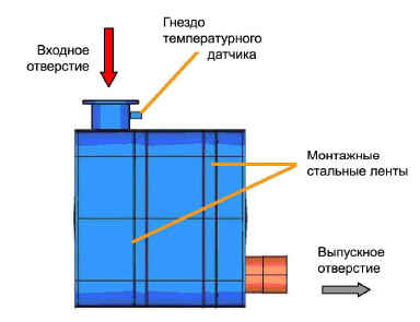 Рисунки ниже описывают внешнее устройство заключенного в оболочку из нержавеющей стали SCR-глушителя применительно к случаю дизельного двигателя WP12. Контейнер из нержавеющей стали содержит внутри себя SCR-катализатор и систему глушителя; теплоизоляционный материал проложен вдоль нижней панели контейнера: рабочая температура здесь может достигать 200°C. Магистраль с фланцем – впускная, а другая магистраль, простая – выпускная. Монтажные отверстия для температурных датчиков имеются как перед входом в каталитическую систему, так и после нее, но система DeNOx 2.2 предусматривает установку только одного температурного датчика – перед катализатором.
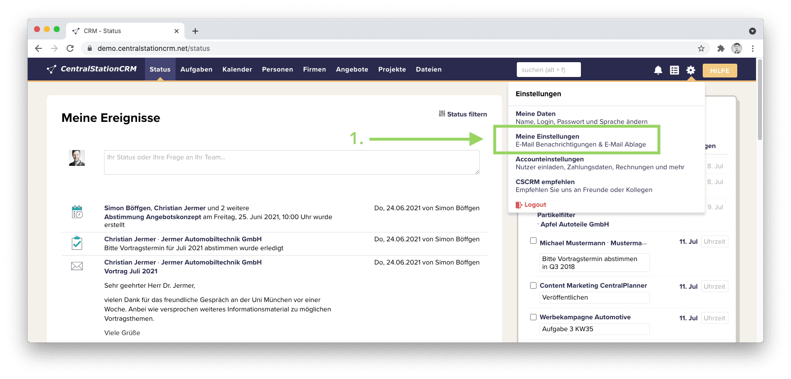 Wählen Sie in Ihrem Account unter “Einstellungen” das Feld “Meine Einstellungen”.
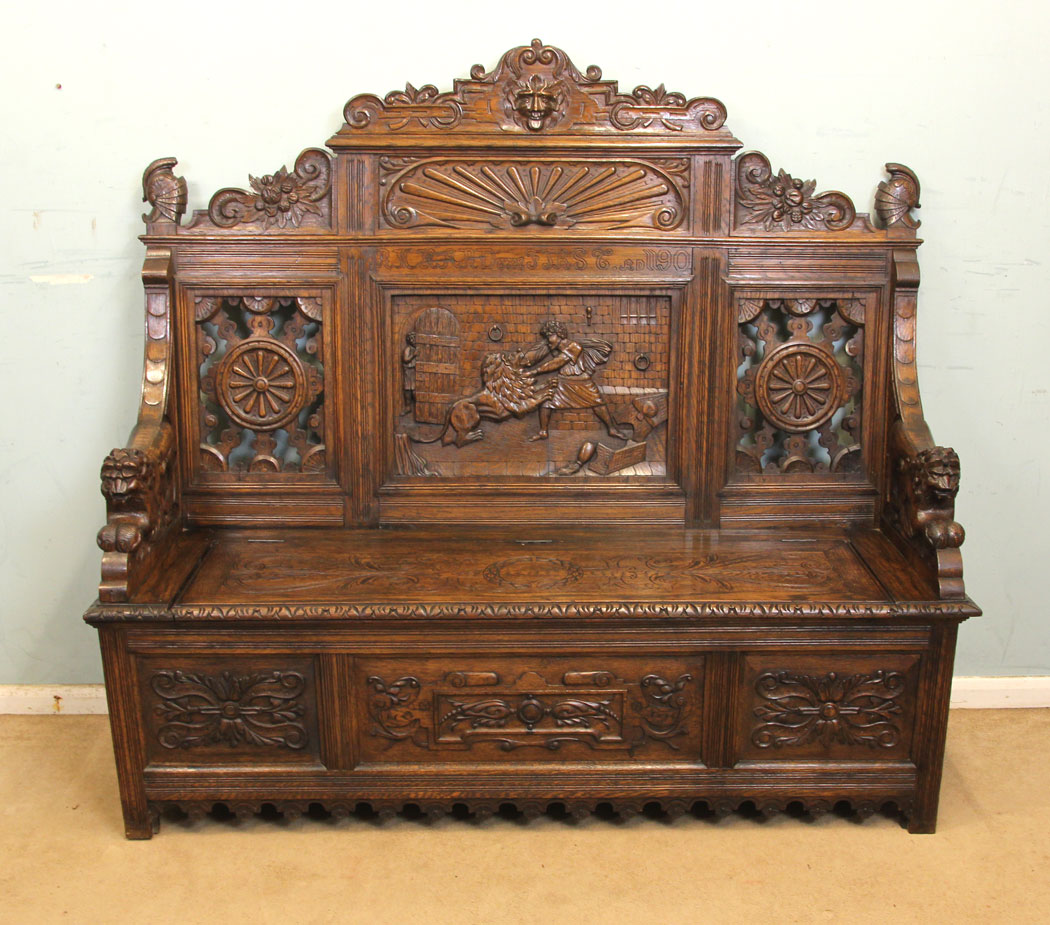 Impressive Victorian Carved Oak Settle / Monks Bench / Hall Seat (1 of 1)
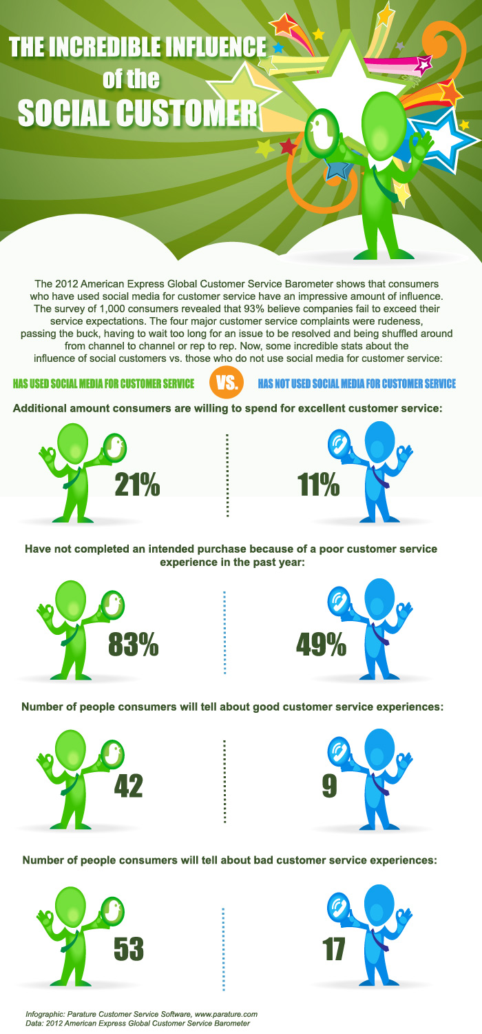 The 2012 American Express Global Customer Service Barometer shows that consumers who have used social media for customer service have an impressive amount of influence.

--

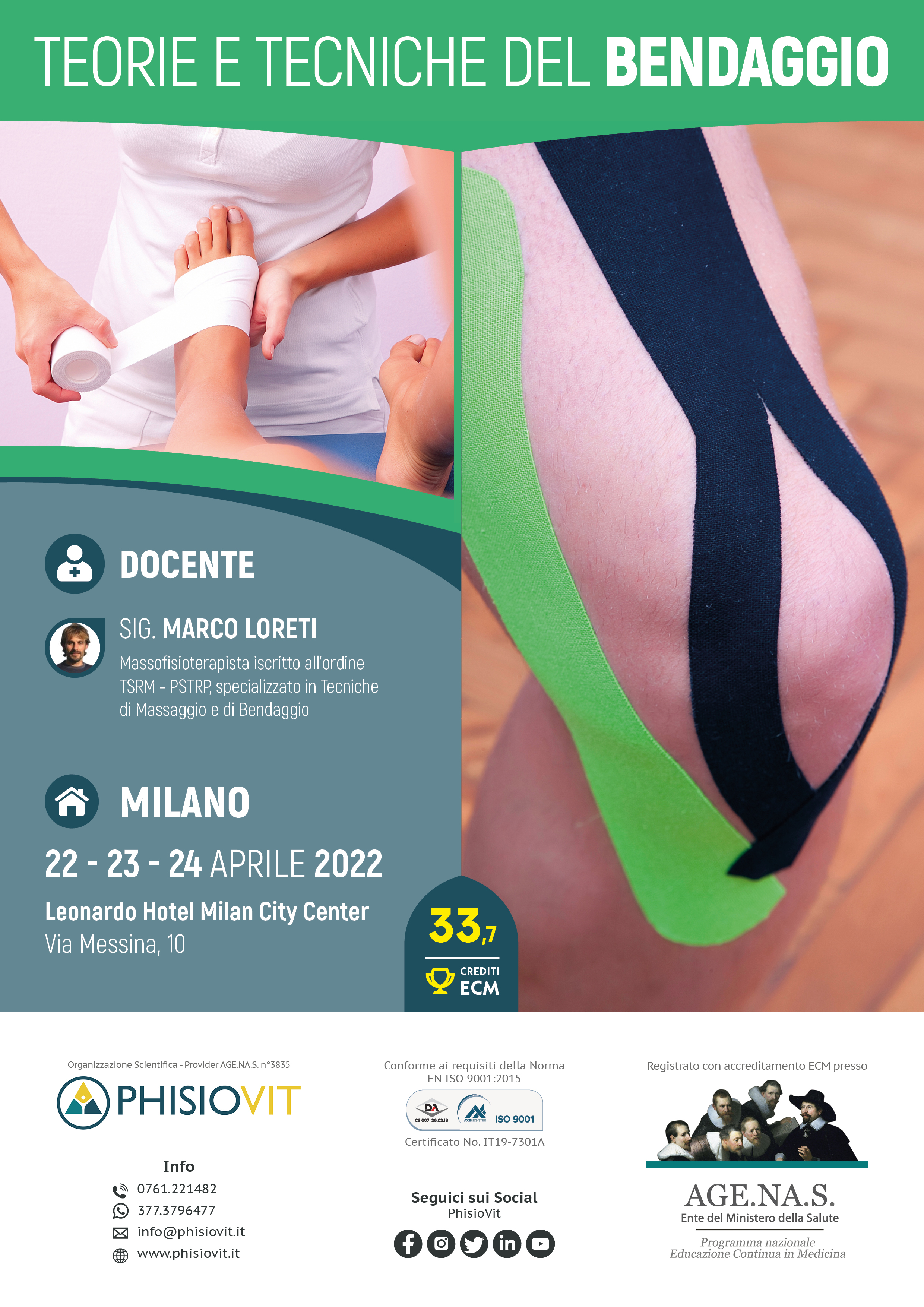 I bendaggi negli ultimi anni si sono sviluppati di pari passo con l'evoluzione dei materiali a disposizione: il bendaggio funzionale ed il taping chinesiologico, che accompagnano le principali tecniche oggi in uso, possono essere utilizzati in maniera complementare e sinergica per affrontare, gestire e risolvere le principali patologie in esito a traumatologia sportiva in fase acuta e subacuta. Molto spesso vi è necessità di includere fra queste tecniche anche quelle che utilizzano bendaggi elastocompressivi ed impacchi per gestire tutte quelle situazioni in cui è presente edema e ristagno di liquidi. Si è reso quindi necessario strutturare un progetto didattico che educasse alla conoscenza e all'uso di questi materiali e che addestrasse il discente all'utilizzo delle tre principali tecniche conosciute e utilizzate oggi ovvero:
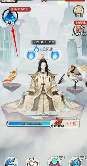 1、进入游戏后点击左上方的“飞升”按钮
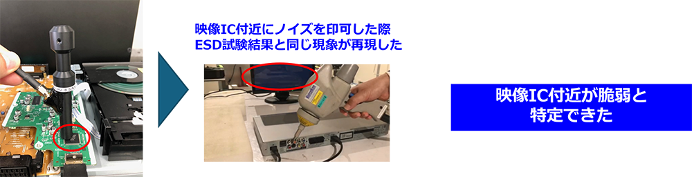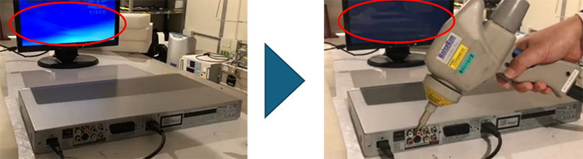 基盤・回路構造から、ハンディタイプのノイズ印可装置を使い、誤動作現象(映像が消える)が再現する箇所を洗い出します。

--

» Task to complete
What do the entries above read from the line containing "Рисунки ниже описывают" through the line containing "The 2012 American"? Output those lines exactly, both ends included, with the pictures left out.

» Response box
 Рисунки ниже описывают внешнее устройство заключенного в оболочку из нержавеющей стали SCR-глушителя применительно к случаю дизельного двигателя WP12. Контейнер из нержавеющей стали содержит внутри себя SCR-катализатор и систему глушителя; теплоизоляционный материал проложен вдоль нижней панели контейнера: рабочая температура здесь может достигать 200°C. Магистраль с фланцем – впускная, а другая магистраль, простая – выпускная. Монтажные отверстия для температурных датчиков имеются как перед входом в каталитическую систему, так и после нее, но система DeNOx 2.2 предусматривает установку только одного температурного датчика – перед катализатором.
 Wählen Sie in Ihrem Account unter “Einstellungen” das Feld “Meine Einstellungen”.
 Impressive Victorian Carved Oak Settle / Monks Bench / Hall Seat (1 of 1)
 The 2012 American Express Global Customer Service Barometer shows that consumers who have used social media for customer service have an impressive amount of influence.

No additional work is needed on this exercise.